(Collected data)
◇ ◇ ◇ ◇
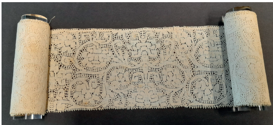
Bande de dentelle, 1600-1700

Malgré sa complexité, sa lenteur de réalisation, et donc un coût élevé, la dentelle est un incontournable de la garde-robe de prestige du 16 e au 18 e siècle. À l'époque de Vermeer, elle est principalement employée pour les cols, l'extrémité des manches ou les mouchoirs. Assemblage de motifs ornementaux, elle suit les modes et entraîne la publication de patrons.
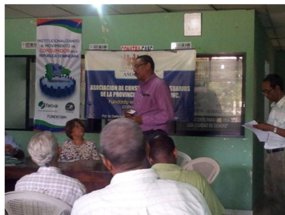
Proyectos realizados en El Salvador y en República Dominicana

Estos proyectos han abarcado temas como la defensa del derecho al agua, la educación sobre alimentación saludable o la defensa del medio ambiente, el
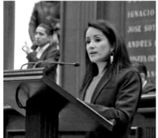
MORELIA, MICH.- El combate a la pobreza debe ser la prioridad en el impulso de las políticas públicas que se realizan en México.

De acuerdo a las estadísticas 7 de cada 10 trabajadores, entre cinco y 17 años viven en las zonas rurales de México, los restantes radican en las ciudades, ante lo que se hace necesario revisar la situación en la que se encuentran y luchar por sus derechos.
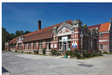
Vue générale des ateliers.
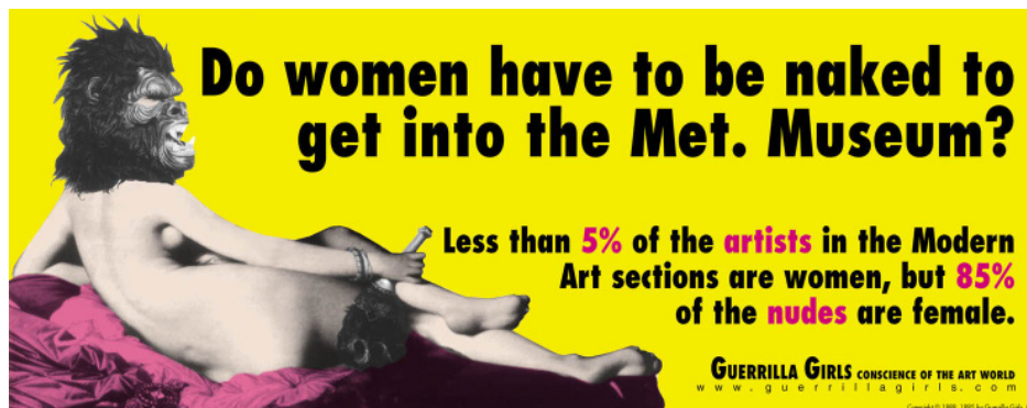
The Guerrilla Girls Do Women have to be Naked to get into the Met. Museum?
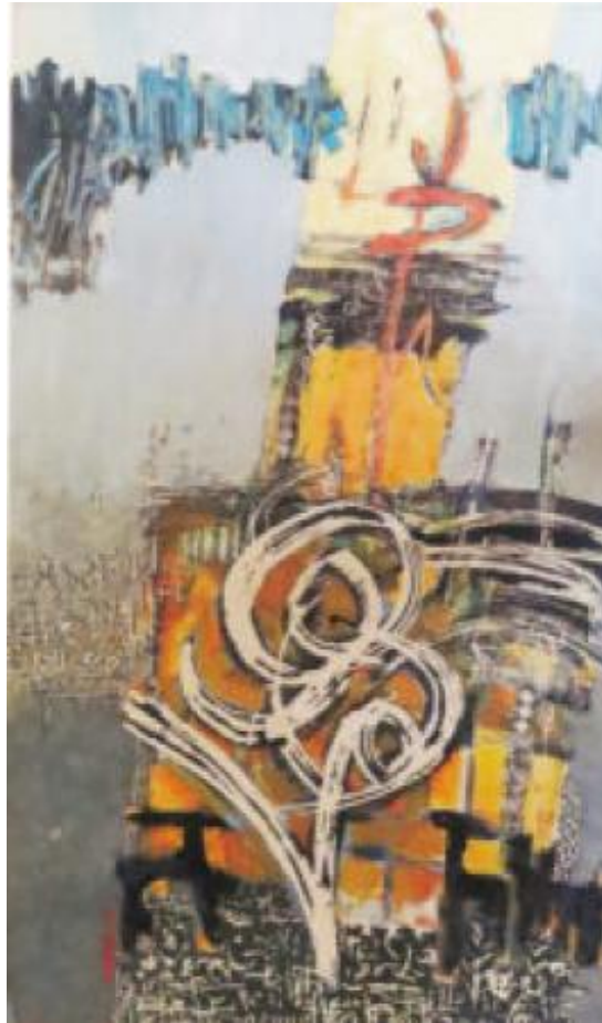
Landengte, 2023 Acryl op canson , 70 x 52 cm
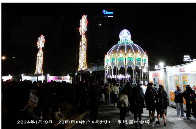
2024年1月19日 29回目の神戸ルミナリエ 東遊園地会場
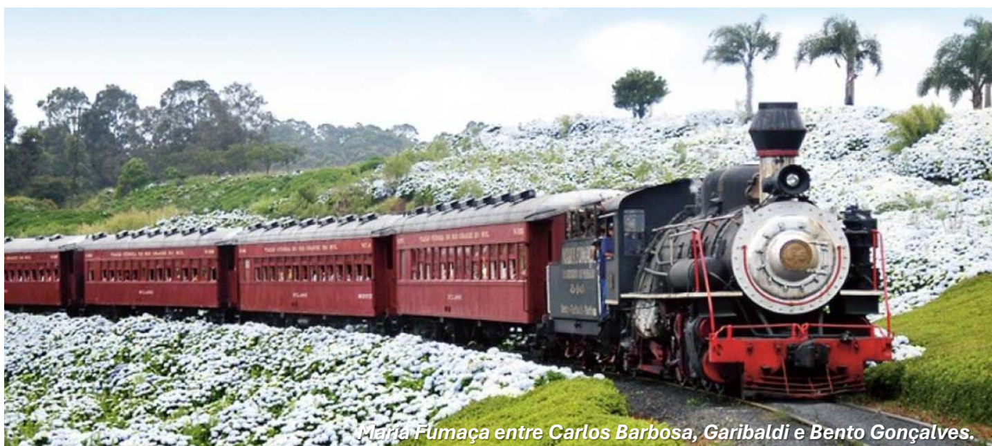
Maria Fumaça entre Carlos Barbosa, Garibaldi e Bento Gonçalves.
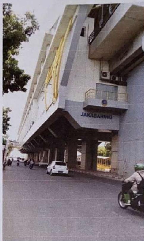
Stasiun LRT Jakabaring
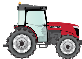
160 to 180 hp
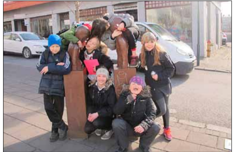
Hressir krakkar úr Frostaskjóli, staddir í Bankastræti.

Í maí á að bjóða 4. bekkungum sem sækja Frostheima að koma í heimsókn í Frostaskjól og kyn-
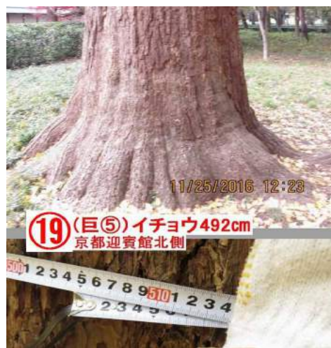
(19) (巨⑤) イチョウ492cm 京都迎賓館北側
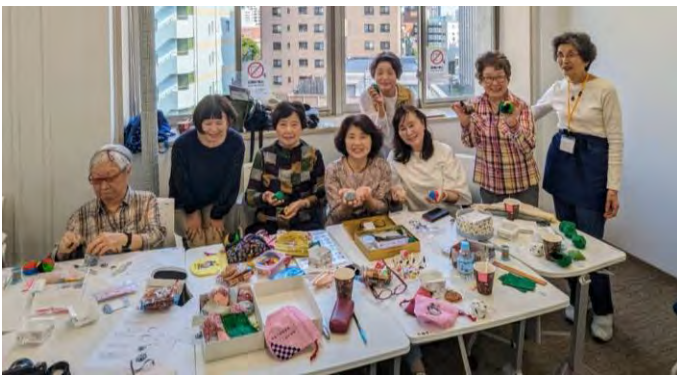
みんなでお手玉作り
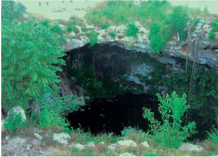
Figura 2. Cenote de abertura grande en las proximidades de X'Tut.
◇ ◇ ◇ ◇
TRY IT:
All lines from the start of the entries above through the line containing "MORELIA, MICH.- El" are to be given again exactly; the pictures are not.

EXERCISE SOLUTION:
Bande de dentelle, 1600-1700

Malgré sa complexité, sa lenteur de réalisation, et donc un coût élevé, la dentelle est un incontournable de la garde-robe de prestige du 16 e au 18 e siècle. À l'époque de Vermeer, elle est principalement employée pour les cols, l'extrémité des manches ou les mouchoirs. Assemblage de motifs ornementaux, elle suit les modes et entraîne la publication de patrons.
Proyectos realizados en El Salvador y en República Dominicana

Estos proyectos han abarcado temas como la defensa del derecho al agua, la educación sobre alimentación saludable o la defensa del medio ambiente, el
MORELIA, MICH.- El combate a la pobreza debe ser la prioridad en el impulso de las políticas públicas que se realizan en México.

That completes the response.